POLÍTICA

Girão critica parlamentares pelo fim da CPMI do INSS

Senador Eduardo Girão lamenta encerramento da comissão que investigava fraudes em benefícios e aponta falta de compromisso dos parlamentares.

Publicado em 31/03/2026 às 17:03
General Girão Kayo Magalhães/Câmara dos Deputados

O senador Eduardo Girão (Novo-CE) criticou, em pronunciamento no Plenário nesta terça-feira (31), a atuação de deputados federais e senadores no processo que levou ao encerramento da Comissão Parlamentar Mista de Inquérito (CPMI) do INSS. A comissão investigou um esquema de descontos fraudulentos em benefícios de aposentados e pensionistas. Para Girão, faltou compromissos para manter os trabalhos da comissão.

— Por 19 votos a 12, vimos o golpe de misericórdia para acabar com a CPMI, sem relatório! O mais triste foi ver a comemoração de parte desses 19, que não teve vergonha de celebrar o encerramento de uma investigação exitosa. Isso demonstra o zero compromisso dessas pessoas com o povo brasileiro. Foi ignorado um dos relatórios mais sólidos e consistentes, com quase 5 mil páginas, no qual o relator, o deputado federal Alfredo Gaspar, pediu o indiciamento de 216 pessoas, entre empresários, funcionários e políticos envolvidos nas fraudes — afirmou Girão.

O senador também questionou a decisão do Supremo Tribunal Federal (STF), que derrubou a liminar do ministro André Mendonça, responsável por autorizar a prorrogação dos trabalhos da comissão. Segundo Girão, o encerramento da CPMI sem a aprovação do relatório final impediu a responsabilização dos planos propostos ao longo das investigações. Ele destacou ainda que a forma como a comissão foi encerrada reforça a sensação de impunidade em casos de corrupção no país, e defendeu a continuidade das apurações por meio de uma nova comissão.

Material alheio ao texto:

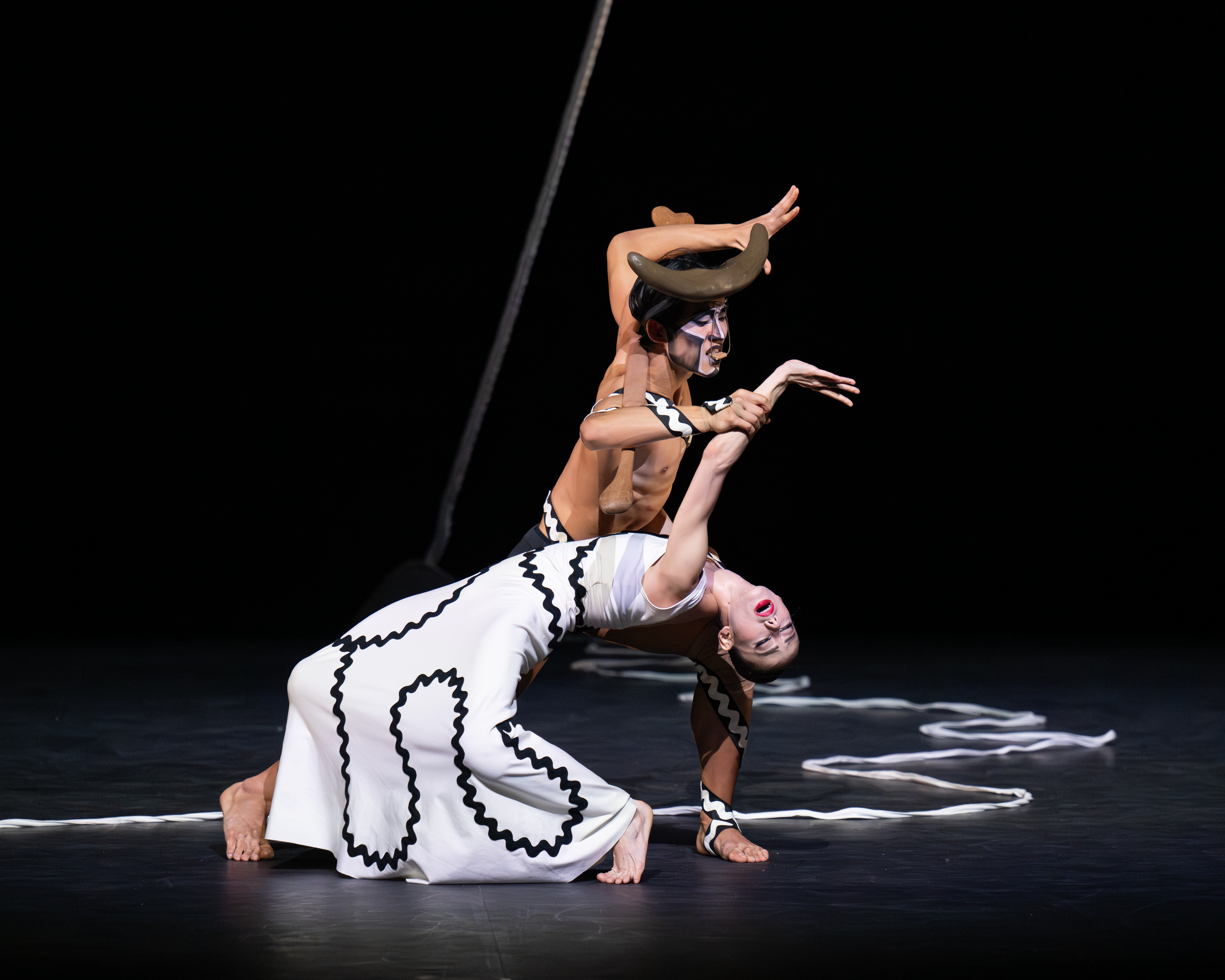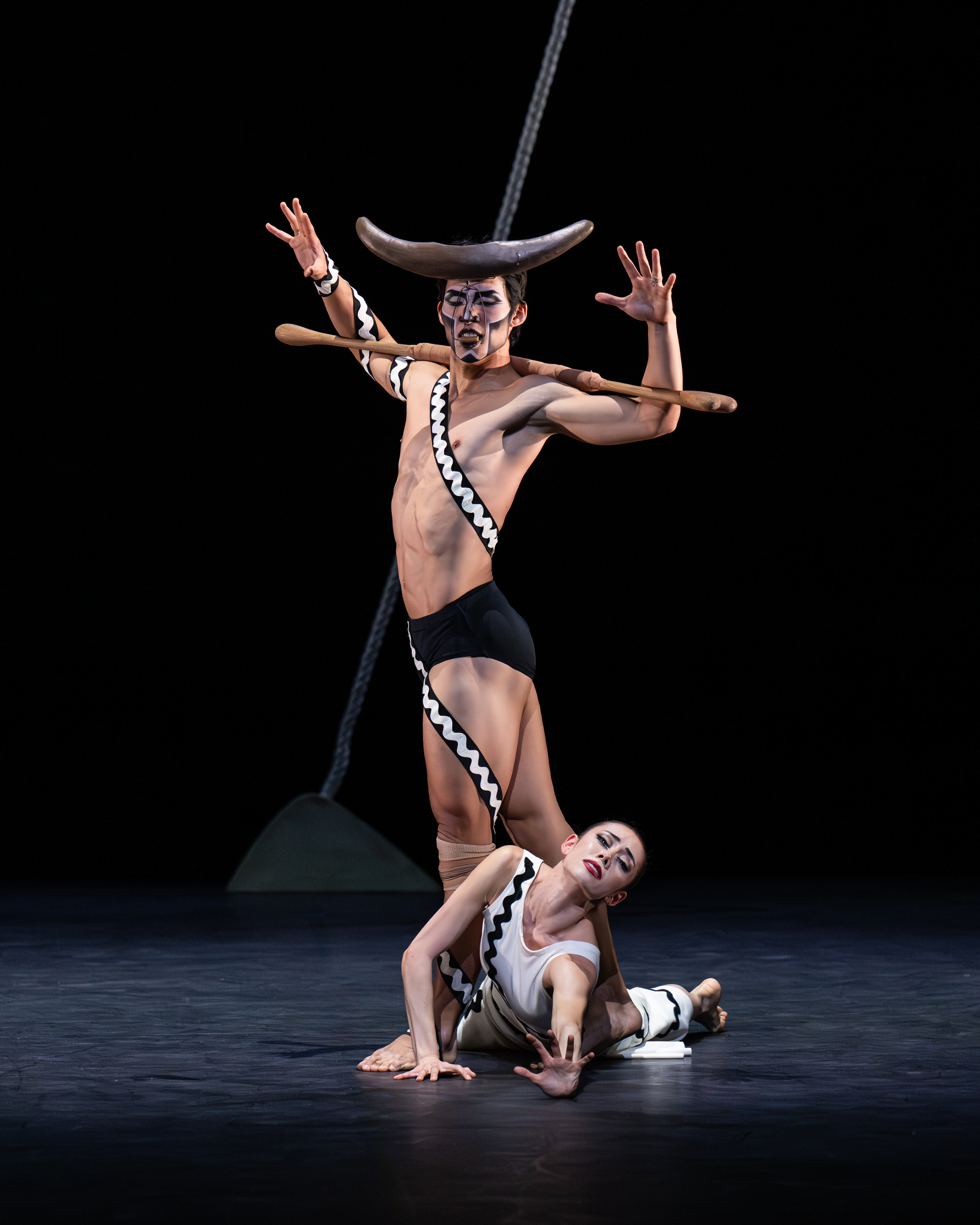 In the original Noguchi costume, the headdress masked the dancer’s face entirely while later productions replaced this with a golden horned headdress.

— Oito ministros do STF decidiram derrubar a CPMI, isolando André Mendonça com o argumento falacioso de prevalecer a autonomia do Congresso (...). Mais uma vez ficou reforçada a percepção de que, no Brasil, poderosos esquemas de corrupção resultaram em punições efetivas, perpetuando um ciclo vicioso de impunidade. A mensagem para o mundo é que, no Brasil, o crime do colarinho branco compensa — protestou o senador.